Given that SwiftUI views are also designed to be composed, I am leaning towards expecting a pattern that state will need to be defined for pretty much any variation of a view – and potentially externalized. The property wrappers for representing, and externalizing, state within SwiftUI are:

  • @State
  • @ObservedObject and @Published
  • @EnvironmentObject

@State is all about local representation, and the simplest mechanism, simply providing a link to a property and the Binding.

@ObservedObject (along with @Published) adds a notification mechanism on change, as well as a way to get a typed Binding to properties on the model. SwiftUI’s mechanism expects this always to be a reference type (aka a ‘class’), which ends up being pretty easy to define in code.

@EnvironmentObject takes that a step further and exposes a reference model not just to a single view, but allows it to be used by any number of views in their own hierarchy.

  • Drive most of the visual design choices entirely by the current state

But that’s not the only mechanism that is available: SwiftUI is also set up to react to a Combine publisher – although not in a heavily predetermined fashion. An interesting aspect is that all of the SwiftUI views also support a Combine subscriber: onReceive. So you can bring the publisher, and then write code within a View (or View component) to react to what it sends.

The onReceive subscriber acts very similarly to Combine’s sink subscriber – the single-closure version of sink (implying a Combine pipeline failure type of Never). You to define a closure within your SwiftUI view element that accepts that data and does whatever needs doing. This could be using the data, transforming and storing it into local @State, or just reacting to the fact that data was sent and updating the view based on that.

From a “What is a best practice” point of view, it seems the more you represent what you want to display within a reference model, the easier it will be to use. While you can expose a publisher right into a SwiftUI view, it tightly couples the combine publisher to the view and all links all those relevant types. You could (likely just as easily) have the model object encapsulate that detail – in which case the declaration of how you handle event changes over time are separated from how you present the view. This is likely a better separation of concerns.

The project (SwiftUI-Notes) linked to Using Combine now has two examples with Combine and SwiftUI. The first is a simple form validation (the view ReactiveForm.swift and model ReactiveFormModel.swift).
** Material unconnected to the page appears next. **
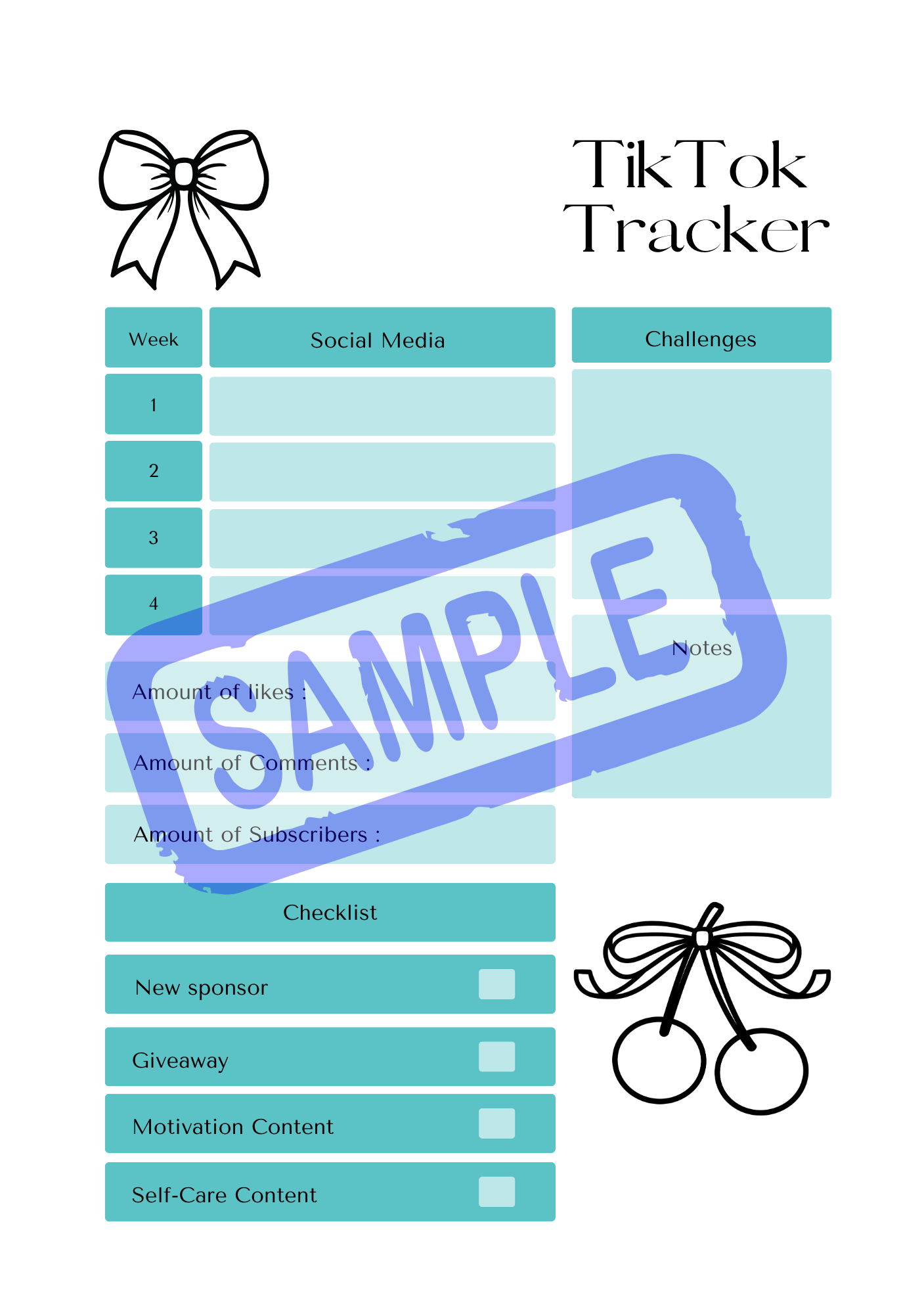 Designed for creators building on TikTok, Instagram, Facebook, and YouTube, this planner helps you plan your content, track your numbers, and evaluate your strategy—weekly and monthly.

This uses both the pattern of encapsulating the state within the model, and exposing a publisher to the SwiftUI View to show what can be done. I’m not espousing that the publisher mechanism is a good way to solve that particular problem, but it illustrates what can be done nicely.

The second example is a view (HeadingView.swift) that uses a model and publisher I created to use the built-in CoreLocation framework. The model (LocationModelProxy.swift) exposes the authorization as a published property, as well as the location updates through a publisher. Within the built-in Cocoa framework, those are normally exposed through a delegate callback. A large number of the existing Cocoa frameworks are convertible into a publisher-based mechanism to work with Combine using this pattern. The interesting bit was linking this up to SwiftUI, which was fun – although this example only taps the barest possibility of what could done.

It will be interesting to see what Apple might provide in terms of adopting Combine as alternative interfaces to its existing frameworks. CoreLocation is such a natural choice with its streaming updates, but there are a lot of others that could be used as well. And of course I’m looking forward to seeing how they expand on SwiftUI – and if they bring in more Combine based mechanisms into it or not.